海であなたが救ってくれました
 スマホのライトをつけながらあわてて立ち上がり、フラフラと波打ち際へと向かった。
 砂浜はどうしてこんなに歩きにくいのだろう。一歩進むごとに足を取られる。

 落ちた可能性のある場所にしゃがみこんでみたが、まったく見あたらない。力いっぱい投げたのでもっと先まで飛んだのかも。

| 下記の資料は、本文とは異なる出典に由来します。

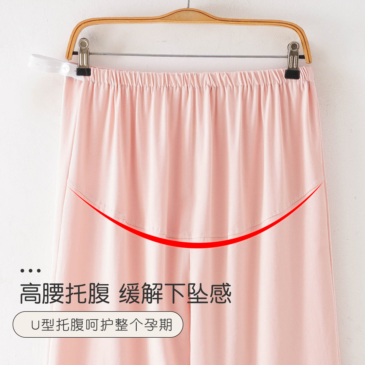 婧麒孕妇睡裤不勒肚可调节纯棉孕妇裤可外穿大码休闲家居裤托腹裤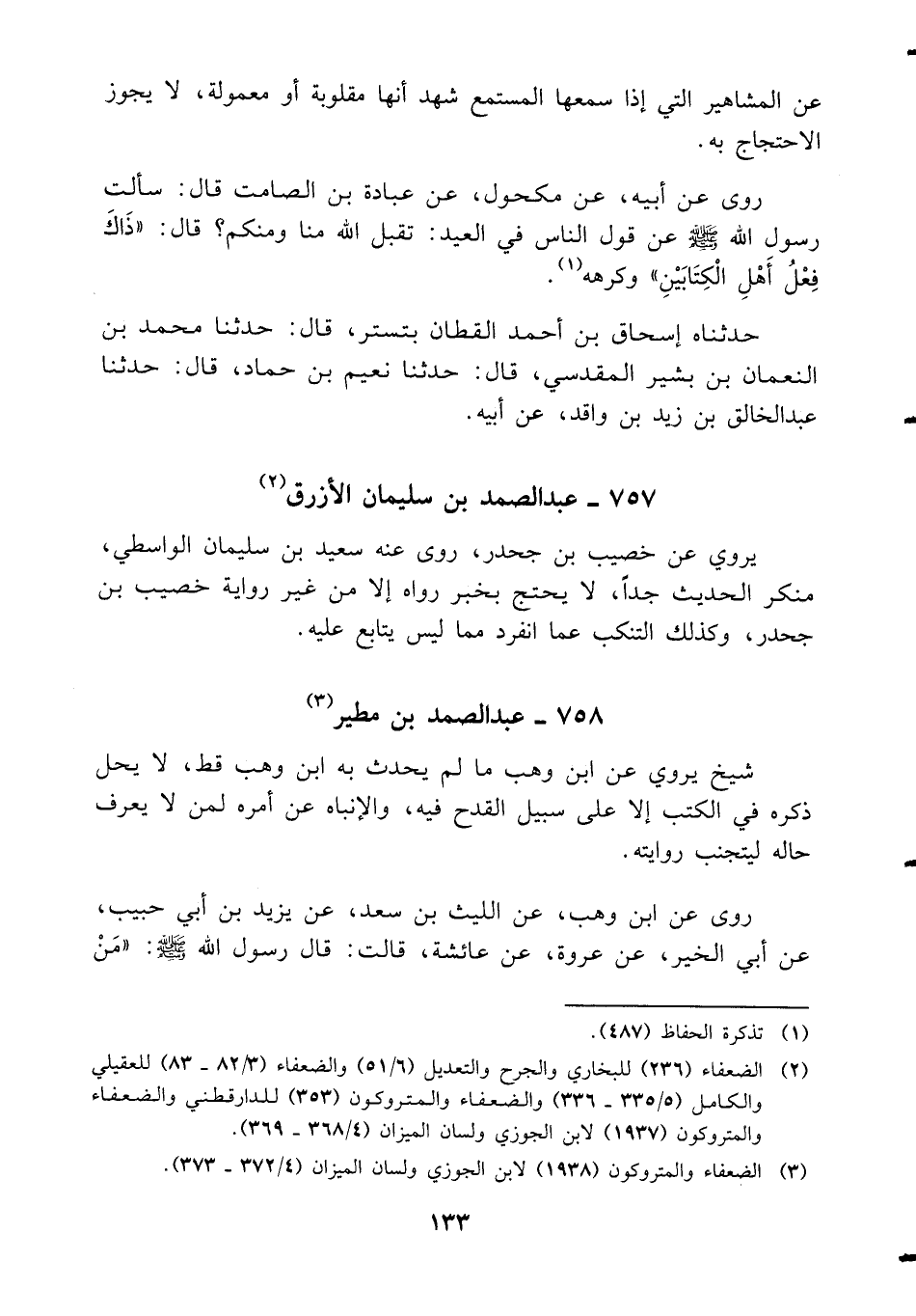 (٣) الضعفاء والمتروكون (١٩٣٨) لابن الجوزي ولسان الميزان (٤/ ٣٧٢ - ٣٧٣).

 立ち上がって中腰になったところで大きめの波が来て、足首まで海水に浸かった。
 ずぶ濡れになった白のスニーカーを見つめてため息を吐きだしていると、ロングスカートの裾も少し濡れていることに気づく。
 季節は五月だが、海水温はまだ冷たい。

 でもこうなれば破れかぶれだ。
 ジャバジャバと音を立てながら、私はもう少し海の深みへと進んだ。
 なんとかライトの光で指輪の金属が光ってくれないかと願いを込めて辺りを見回す。

 さすがに海の中を探すのは難しいなと、(きびす)を返そうとしたときだった。


「なにをやってるんですか!!」


 後ろから声をかけられて振り向いてみれば、長身でスタイルのいい男性が全速力で走ってくるのが目に入る。

 探すのを手伝ってくれるのだろうか? などと呑気に考えている場合ではなかった。
 男性はあっという間に私のもとまで来て、力強く右腕を掴む。